-- Exercise description --
Without the pictures, output all of the data exactly.

-- Recorded data --
BEGIN

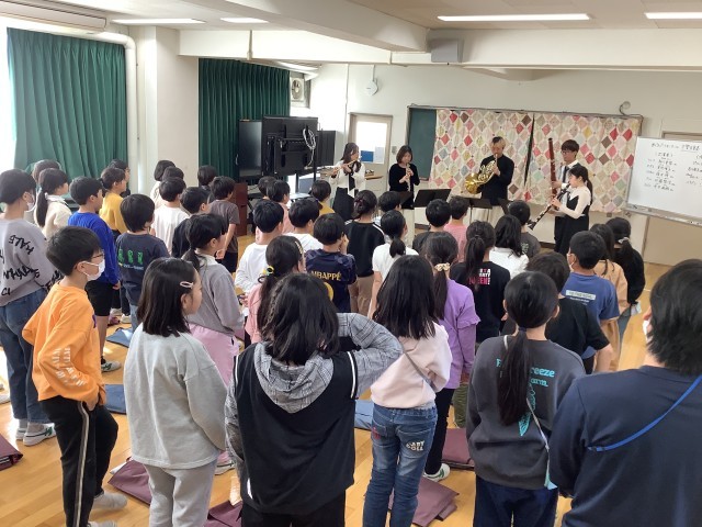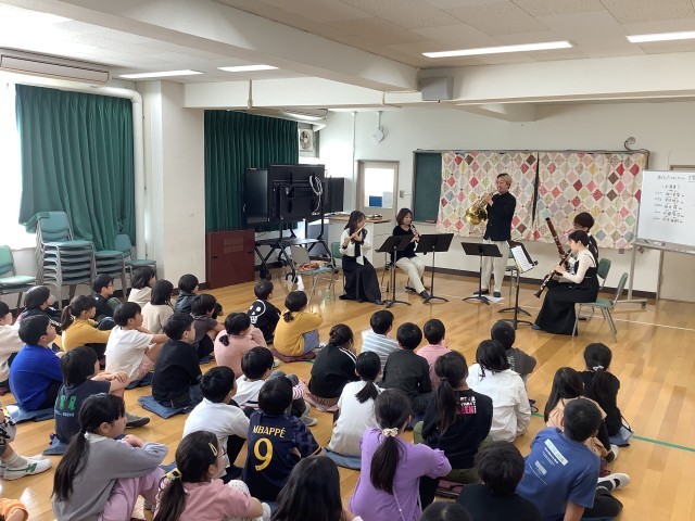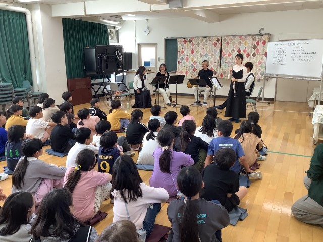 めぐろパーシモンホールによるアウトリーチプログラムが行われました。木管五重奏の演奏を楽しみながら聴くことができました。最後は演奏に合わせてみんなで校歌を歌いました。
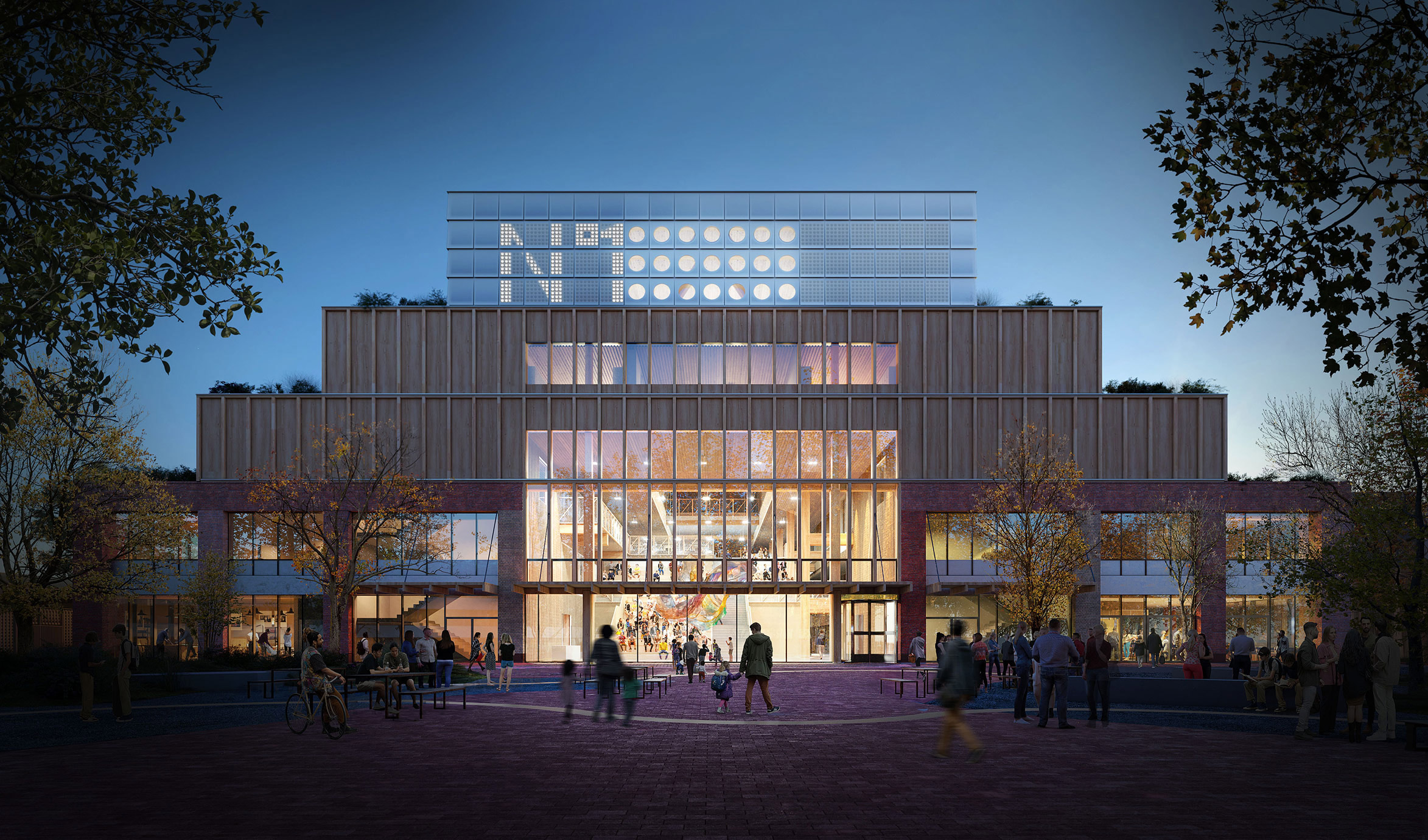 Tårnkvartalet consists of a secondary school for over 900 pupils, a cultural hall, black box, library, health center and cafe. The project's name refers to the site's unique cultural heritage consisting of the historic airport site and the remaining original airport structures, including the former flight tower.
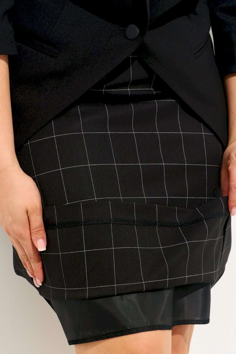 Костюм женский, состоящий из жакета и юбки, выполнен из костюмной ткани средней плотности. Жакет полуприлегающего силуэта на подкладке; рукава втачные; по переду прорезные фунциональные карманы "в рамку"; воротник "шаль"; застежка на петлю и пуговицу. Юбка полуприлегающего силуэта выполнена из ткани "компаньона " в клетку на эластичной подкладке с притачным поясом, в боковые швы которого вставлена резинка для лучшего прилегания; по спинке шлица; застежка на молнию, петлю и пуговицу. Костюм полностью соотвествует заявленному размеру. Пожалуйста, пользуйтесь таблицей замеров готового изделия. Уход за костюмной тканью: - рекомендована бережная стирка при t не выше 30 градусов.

END

-- Answer --
 めぐろパーシモンホールによるアウトリーチプログラムが行われました。木管五重奏の演奏を楽しみながら聴くことができました。最後は演奏に合わせてみんなで校歌を歌いました。
 Tårnkvartalet consists of a secondary school for over 900 pupils, a cultural hall, black box, library, health center and cafe. The project's name refers to the site's unique cultural heritage consisting of the historic airport site and the remaining original airport structures, including the former flight tower.
 Костюм женский, состоящий из жакета и юбки, выполнен из костюмной ткани средней плотности. Жакет полуприлегающего силуэта на подкладке; рукава втачные; по переду прорезные фунциональные карманы "в рамку"; воротник "шаль"; застежка на петлю и пуговицу. Юбка полуприлегающего силуэта выполнена из ткани "компаньона " в клетку на эластичной подкладке с притачным поясом, в боковые швы которого вставлена резинка для лучшего прилегания; по спинке шлица; застежка на молнию, петлю и пуговицу. Костюм полностью соотвествует заявленному размеру. Пожалуйста, пользуйтесь таблицей замеров готового изделия. Уход за костюмной тканью: - рекомендована бережная стирка при t не выше 30 градусов.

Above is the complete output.